Does anyone have an idea about how I could remove the cock bead while the table is still standing upright? I'm pretty sure it has been both nailed and glued in place. It wouldn't budge when I used a thumb to try and crack it free from the apron. So I think it has to be cut away from the apron rather than pried off...

I'm not able to supply photos of the problem as it takes several days, and complicated security clearance, to get into this place.

Any advice from anyone on this quandry?

Zolton

If you see a possum running around in here, kill it. It's not a pet. - Jackie Moon

hammer1's picture

Don't know if you are (post #152627, reply #1 of 9)

Don't know if you are replacing all of the bead or just repairing some sections. First thing that comes to mind is preventing the damage from happening again. Can't be good for the chairs either. Maybe the table needs some leg extensions.

If I was just repairing a section, I'd make a couple end cuts with a sharp chisel. Probably work sitting on the floor or laying on a platform. Once the end cuts are made, you can try some heat, it loosens most glues and you might be able to slip a chisel in the joint from the backside to pry. An inexpensive heat gun is handy to have. If there are tons of nails, you may have to chisel a little around them to get hold with vice grips or a tack claw. You might have to nibble away a thin slice at a time if heat won't budge the glue but it should. Even if you have to remove all of the bead, I'd still use the same method, not a router. You would have to remove the nails anyway. I wouldn't want to take a chance of making a mistake with the router, fill the room with dust or make that much noise.

It doesn't make sense to try to remove and replace all the bead working up side down ,unless it comes off pretty easy. If you are the contractor, you need to do what is necessary. If that means hiring some muscle to flip the table, so be it. It's part of the job. Where you get that helps depends on your resources or possibly, help from the clients resources. I would discuss it with them and see how to proceed. It would only take a few minutes on each end of the job.

Beat it to fit / Paint it to match

Zolton's picture

Heat...hm... (post #152627, reply #2 of 9)

Hammer,

Thanks for the suggestions. I considered using heat, but was concerned about it also loosening the veneer or lifting the finish on the aprons. I don't know what the veneer is held on with, and it would be quite complicated to replace it should it become damaged by the application of heat. But you've given me something to think about anyway.

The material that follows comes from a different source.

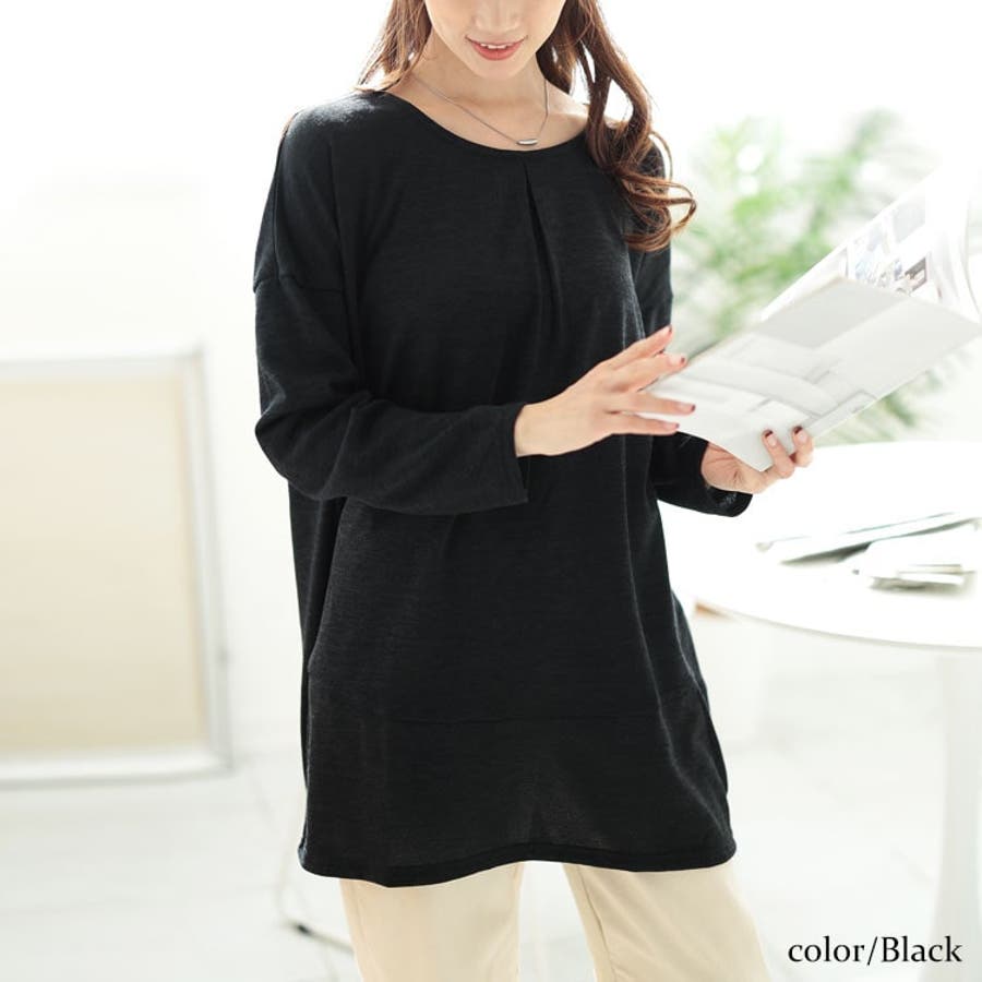 大きいサイズレディース チュニック 胸タックコクーン切り替えプルオーバー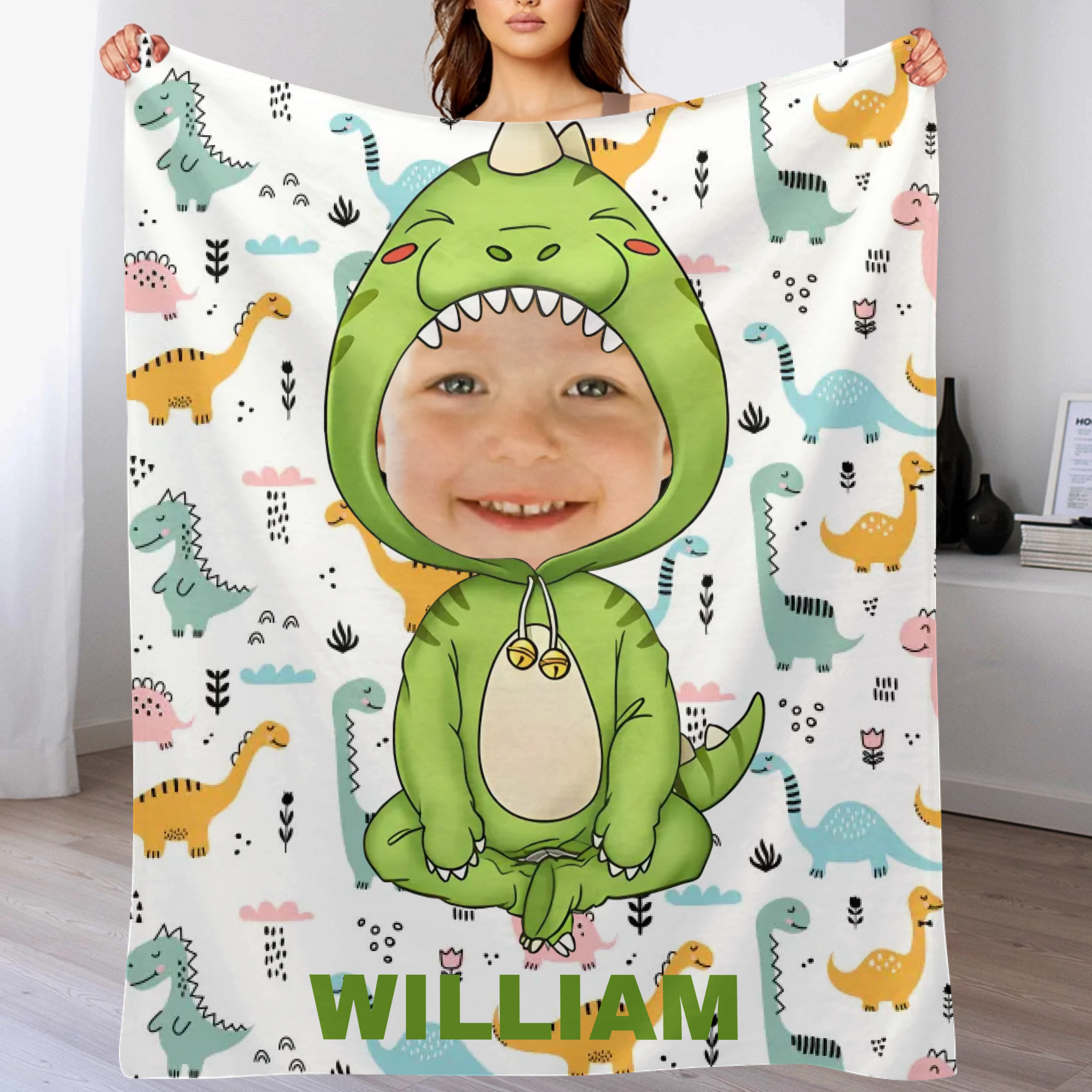 Customised Dinosaur Blanket - Personalised Name and Photo Dinosaur Clothes Pattern Blanket - A Gift For Children,Grandchildren,Boy,Girl,Dinosaur Lovers

Chiseling it off, piece by piece, was the fallback plan. And yes, the entire four foot curved strip on both ends has to be replaced. So, quite a lot of chiseling. That's why I considered using the router to at least reduce some of the work. The dust storm this would generate is a consideration though, as it is in a very nice conference room, with valuable paintings hanging on the wall...

You're also right in that probably the best thing would be to hire some muscle to help flip the table. It is so massive though that my major concern with that is not just the weight, but the prospect of its actually breaking. It is a nice looking table, but I'm not sure how well it was constructed to withstand being moved around like that.

Well, I've got some more thinking to do on this before I proceed. Thanks again for taking the time to reply..

Zolton

If you see a possum running around in here, kill it. It's not a pet. - Jackie Moon

hammer1's picture

Zolton, it doesn't take much (post #152627, reply #5 of 9)

Zolton, it doesn't take much heat to loosen glue, you direct it right at the bead joint from the back, start with the low setting on the gun. You shouldn't have to worry about damaging anything else. Once a spot starts to let go, the rest follows fairly easy. You'll get the feel for how much heat to use as you go. I take finished furniture apart all the time to replace or repair and often pieces adjacent to veneer or delicate finishes. Allow the wood to warm through, don't just blast the gun at it non stop, a little at a time with some wiggling or prying.

Beat it to fit / Paint it to match

oldusty's picture

Hi  Zolton ,              I (post #152627, reply #3 of 9)

Hi  Zolton ,

             I would try to find and remove all the nails , then try a razor knife on the actual seam or jont in the backside as well as the front f you can and a bit of persuasion , my guess the beading will come off without a router .

    Replacing the bead will be easy once the old is gone , sure it would be much easier to work on it with the table upside down but as you say the risk of damage may be greater then the gain of the repair .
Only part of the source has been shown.